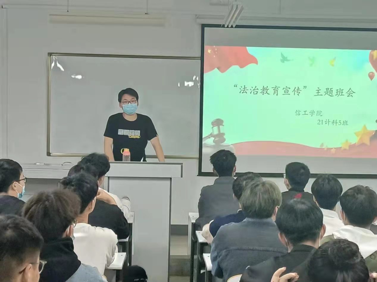 以习近平总书记关于教育的重要论述和习近平法治思想为指导,紧密结合学校实际,“弘扬法治精神,普及法律知识,推进依法治校,共建和谐社会”为主题,认真落实河南省教育系统“八五”普法规划,增强我院学生法律意识和法治观念,提高学生的法律法规知识水平和自觉运用法律法规来规范自身行为的能力,培养尊法、学法、守法、用法的信工学子,开展“法治教育周系列活动”,积极推进“平安、和谐”校园建设。
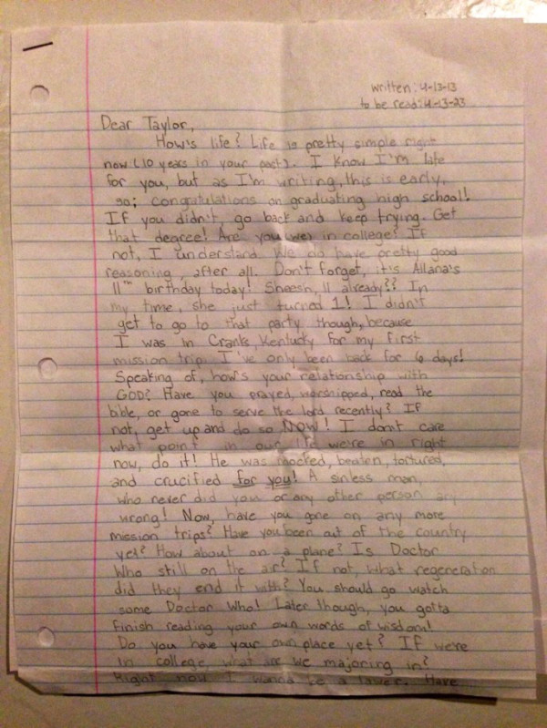 The desires of youth are often filled with dreams of college, travel, and expanding their social circle. Taylor Smith, a seemingly ordinary 12-year-old girl from Johnson City, Tennessee, was no exception. Her days were filled with the warmth of family and friends and she enjoyed watching the beloved television series Doctor Who. In April 2013, she put pen to paper and created a letter to her future self that would be kept in a box in her room, accompanied by a clear instruction: “Open Taylor Smith April 12, 2023, only (unless otherwise noted).”
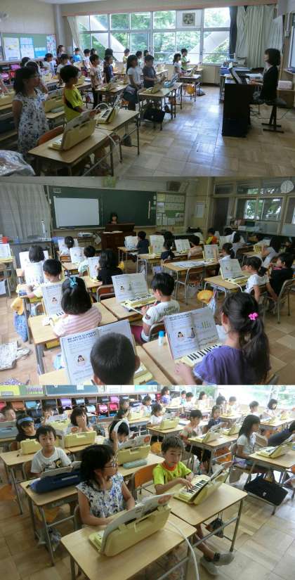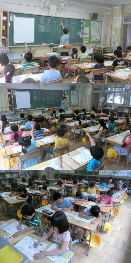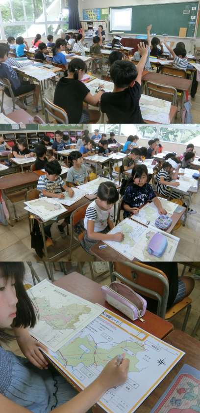 6月22日(木)、1年生の書写、2年生の音楽、3年生の社会科授業のようすです。1年生は、「にている ひらがな」に取り組んでいました。2年生は、歌と鍵盤ハーモニカに取り組んでいました。3年生は、春日井市内の道路と鉄道のようすを白地図に下記ながら確かめていました。

• **REQUIRED ACTION**:
Give back the listing exactly, without a single picture.

• **COMPLETED EXERCISE**:
 以习近平总书记关于教育的重要论述和习近平法治思想为指导,紧密结合学校实际,“弘扬法治精神,普及法律知识,推进依法治校,共建和谐社会”为主题,认真落实河南省教育系统“八五”普法规划,增强我院学生法律意识和法治观念,提高学生的法律法规知识水平和自觉运用法律法规来规范自身行为的能力,培养尊法、学法、守法、用法的信工学子,开展“法治教育周系列活动”,积极推进“平安、和谐”校园建设。
 The desires of youth are often filled with dreams of college, travel, and expanding their social circle. Taylor Smith, a seemingly ordinary 12-year-old girl from Johnson City, Tennessee, was no exception. Her days were filled with the warmth of family and friends and she enjoyed watching the beloved television series Doctor Who. In April 2013, she put pen to paper and created a letter to her future self that would be kept in a box in her room, accompanied by a clear instruction: “Open Taylor Smith April 12, 2023, only (unless otherwise noted).”
 6月22日(木)、1年生の書写、2年生の音楽、3年生の社会科授業のようすです。1年生は、「にている ひらがな」に取り組んでいました。2年生は、歌と鍵盤ハーモニカに取り組んでいました。3年生は、春日井市内の道路と鉄道のようすを白地図に下記ながら確かめていました。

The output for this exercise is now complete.